Although IKKβ participates the “classical” activation of NF-κB, IKKα is a component of “alternative” activation of NF-κB.34
Interestingly, our results suggest that targeting IKKα also inhibits the level of nuclear NF-κB in dystrophic muscle and enhances muscle regeneration. This result is in contrast to a previous study 35
showing that transfection of the IKKα-dn plasmid into the C2C12 cell line had no significant effect on pro-inflammatory gene expression following LPS-stimulation of myotubes. However, our results demonstrate that following AAV-mediated gene transfer to muscle in vivo
, IKKα-dn is as effective in improving pathology as IKKβ-dn.

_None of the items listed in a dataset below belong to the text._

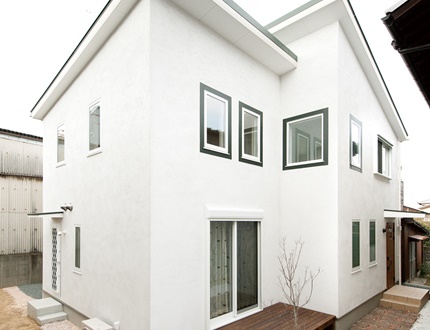 モダンな雰囲気に仕上がったシンプルな外観は、窓回りのオリーブグリーンの枠がアクセントになっています。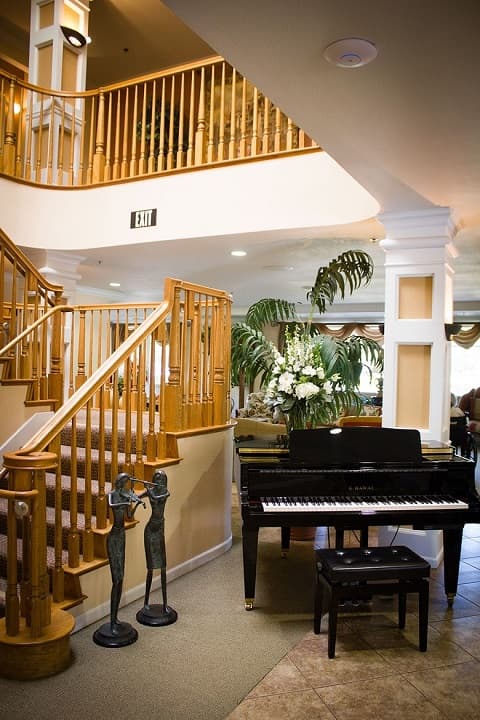 Morningside of Fullerton is a large, well-established retirement community that offers both independent and assisted living on a sprawling 33-acre campus. Residents have access to a wide range of amenities—think heated pools, pickleball courts, walking paths, and even a lake with waterfalls. The campus was recently renovated, so the shared spaces feel modern and inviting, including a performance stage and inlaid dance floor for events and gatherings.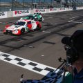 Van der Linde, a pesar de tener 20 kg de lastre por su victoria del sábado, mantuvo la presión sobre Preining hasta el final, pero el piloto oficial de Porsche estuvo relativamente tranquilo cuando llegó a la bandera a cuadros con su victoria, por 1,4 segundos.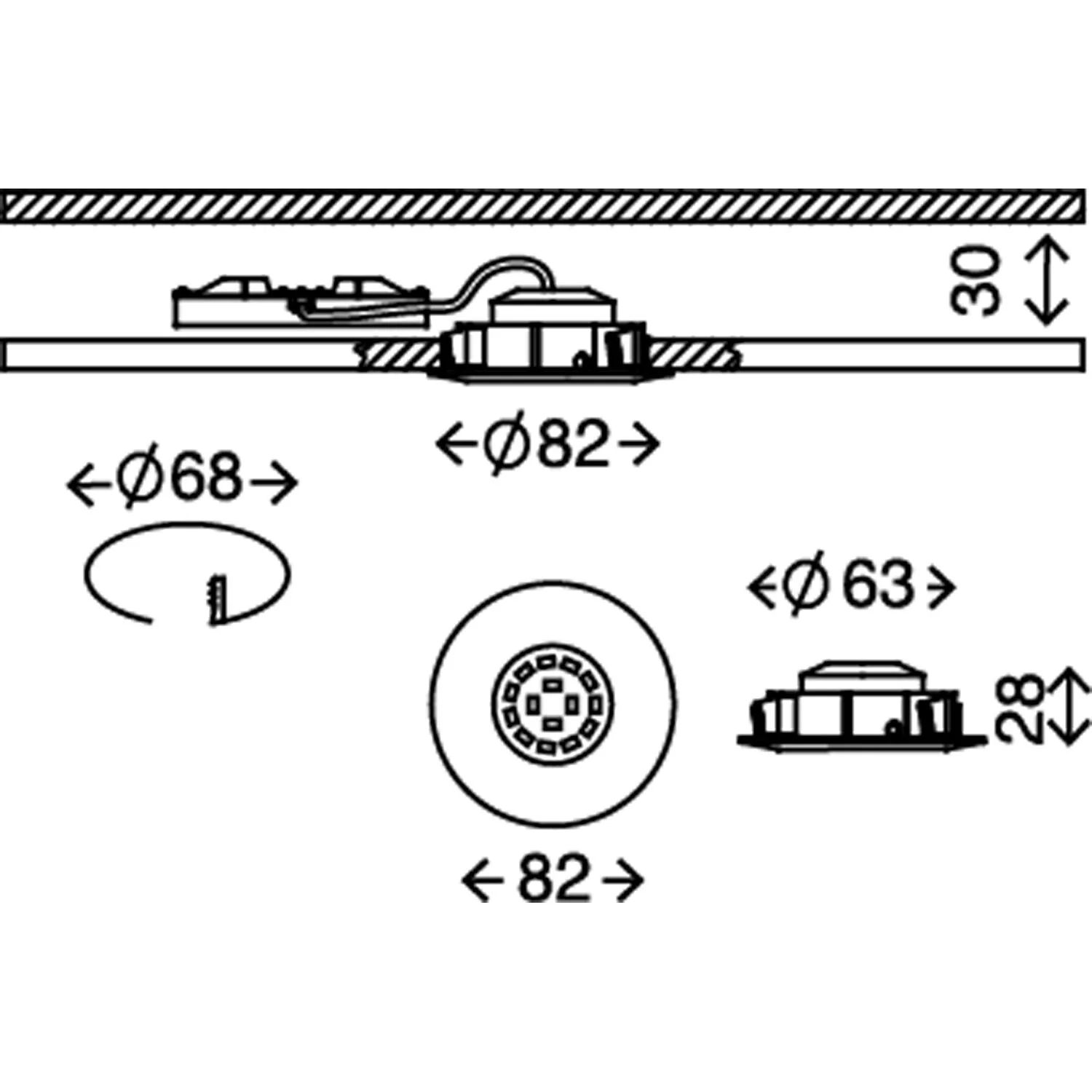 Bei dem LED Einbaustrahler aus der Serie Attach handelt es sich um festverbaute LED Module die ein warmweisses Licht erzeugen. Durch das schlichte weiss und die runde Form kann die Einbauleuchte geradezu überall montiert werden. Damit ein optimales Lichtverhältnis entsteht, kann der Strahler geschwenkt und gedimmt werden.

In summary, AAV-mediated gene transfer of dominant negative IKK, either IKKβ or IKKα, to block pathological NF-κB signaling is a promising strategy for the treatment of DMD. The current studies suggest effectiveness as an independent therapeutic, especially when the dystrophic process is more advanced. Furthermore, combination therapy for DMD with mini-dystrophin gene transferor stem cell transplantation and inhibition of NF -κB activation may be synergistic and will be explored in future studies.